Вот, думал он, а ну как этот пирожок имеет в своем нутре мясо немытой и, возможно, больной свиньи? Он же тогда немедленно проест ему печень. Но это было бы классно, если бы от действия до последствий проходило мало времени: как на испытаниях летательных аппаратов. Что-то не так, – готов, лежит на почве. Хотя, конечно, тоже не всегда, иной раз замучишься проблему вычесывать, как в жизни. А то бы съел плохой пирожок – и тут же корчишься на тротуаре рядом со ступеньками, где купил. А не так, что что-то болит, а почему? Или же придумал умную мысль и она через пять минут материализовалось, принеся не то, чтобы славу, а реальное достоинство. Или сошелся с кем-нибудь, и уже минут через десять она уже вынимает из себя ребенка. Девочку в розовом платьице с золотистыми волосами, волосы еще чуть влажные. А то все длинные паузы, промежутки от действия до последствий, никогда не вспомнить, что из чего произошло. Зачем он, например, учил в школе природоведение? Карты природных ископаемых, где золото обозначено кружком, вертикально поделенным на белую и черную половинки?


* * *

Спокойно, думал он, спокойно. Квартиры разменяются, все соберется вместе, станет гармонично, все позиции упорядочатся в полном согласии. Всех этих мучений на пару лет, а потом можно будет неторопливо жить, одобрительно кивая окрестностям. Комфортно, здоровым образом старея, что уже вовсе не будет расстраивать – это ведь хорошо, неторопливо доживать жизнь. Потому что жизнь удалась: выжил и до смерти доживет, и не на выселках, а как гордый римский гражданин, разве же это не его несомненная заслуга? Всякое ведь могло быть.

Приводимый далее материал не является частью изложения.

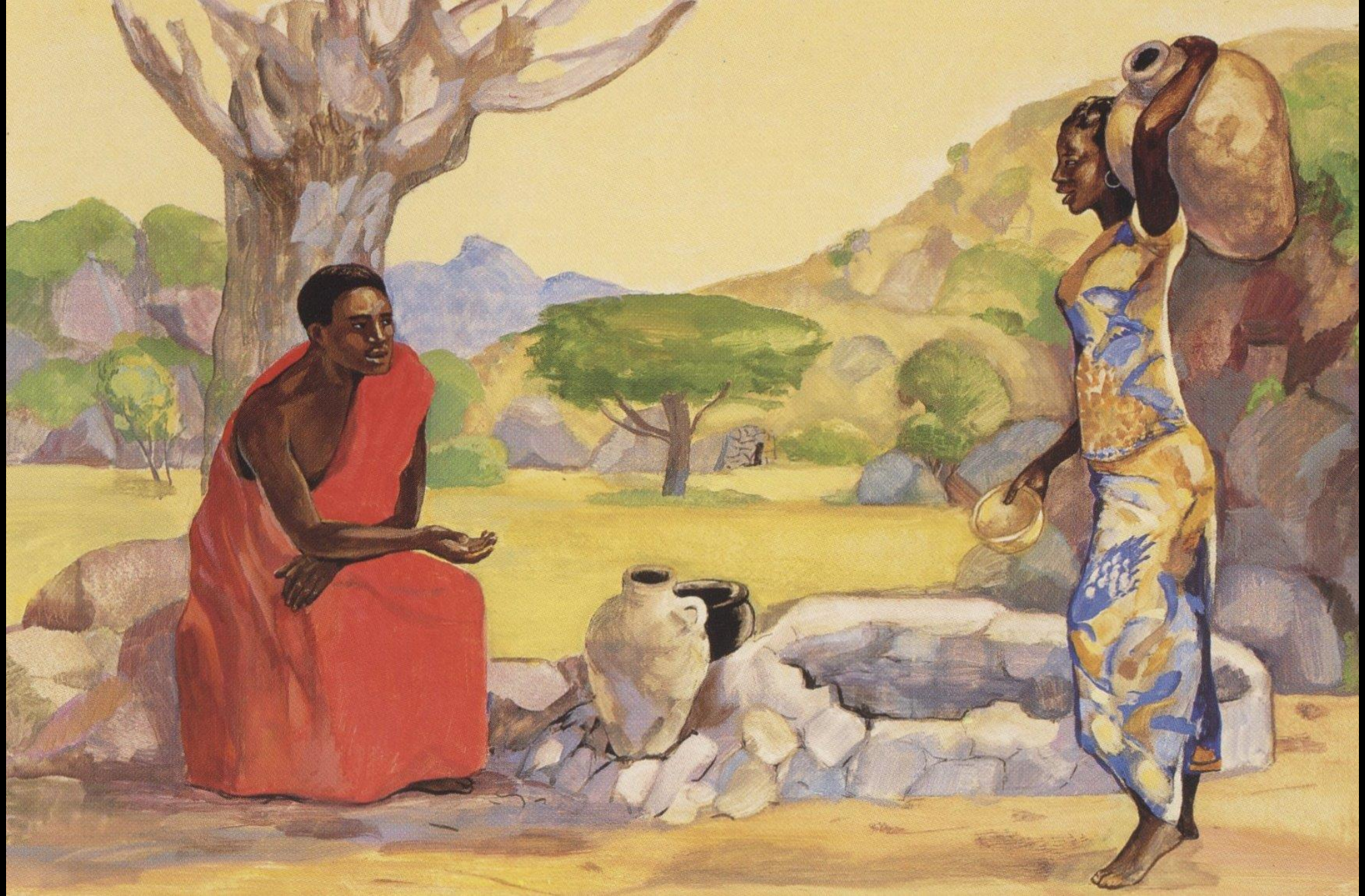
Jesus and the Samaritan Woman -- Jesus MAFA, Cameroon

Так что не время теперь заниматься метафизикой. Для нее и выделена технологическая пауза в конце жизни – именно для того жизнь и устроена, как устроена, чтобы в ее конце была славная, медленная, как летнее утро, метафизическая пауза. Потому что только тогда метафизика не будет звать на свершения. Какая ж она тогда метафизика? Тогда она заморочка, шило в заднице.

Хотелось специального места для мыслей: чтобы вокруг были теплые цветные тряпки, пыльная солнечная комната, медленная старость. На третьем этаже, чтобы сидеть и в окно иногда выглядывать. Хм, тут он понял, что имеет на уме вполне конкретное место, а именно свою однокомнатную в Чертаново, на Балаклавском проспекте. Эта мысль его озадачила, поскольку находилась в явном противоречии с рассуждениями о квартирных разменах и окончательной гармонии. И уж тем более не в этой же хрущевке предаваться метафизике. Колотун там зимой.

Но из окна тогда был бы виден был двор, листья – а там у деревьев тяжелые листья, во дворе на Балаклавском. И можно ходить гулять к метро – хотя, к чему ему тогда метро? – не только к «Чертановской», а и к «Севастопольской», мимо школы с барельефами Горького… кто ж там еще на барельефах? Толстой с Достоевским? Достоевский вряд ли. Может, Пушкин? Пушкин-то непременно. Тургенев? Не вспомнить, но они светло-желтые или даже беленые известкой в круглых рамах. Мимо пруда гулять, неторопливо, а в пруду собаки плавают, выходят на берег – там узкая тропинка в сторону «Севастопольской» – отряхиваются, осыпают тебя брызгами, а на земле растут всякие лопухи и подорожники, одуванчики.


* * *

Когда начинается оттепель, быт всегда усиливает свое присутствие. Почему так происходит – сказать трудно, потому что куда ж ему, собственно, деться в иные погоды. Но в оттепель он надежно довлеет времени, перемещающемуся тогда ползком. Может быть, потому, что такую погоду представляют толстые тетки лет от пятидесяти и старше. Не побирушки, а наоборот, у них на пальцах всегда кольца с громадными леденцами.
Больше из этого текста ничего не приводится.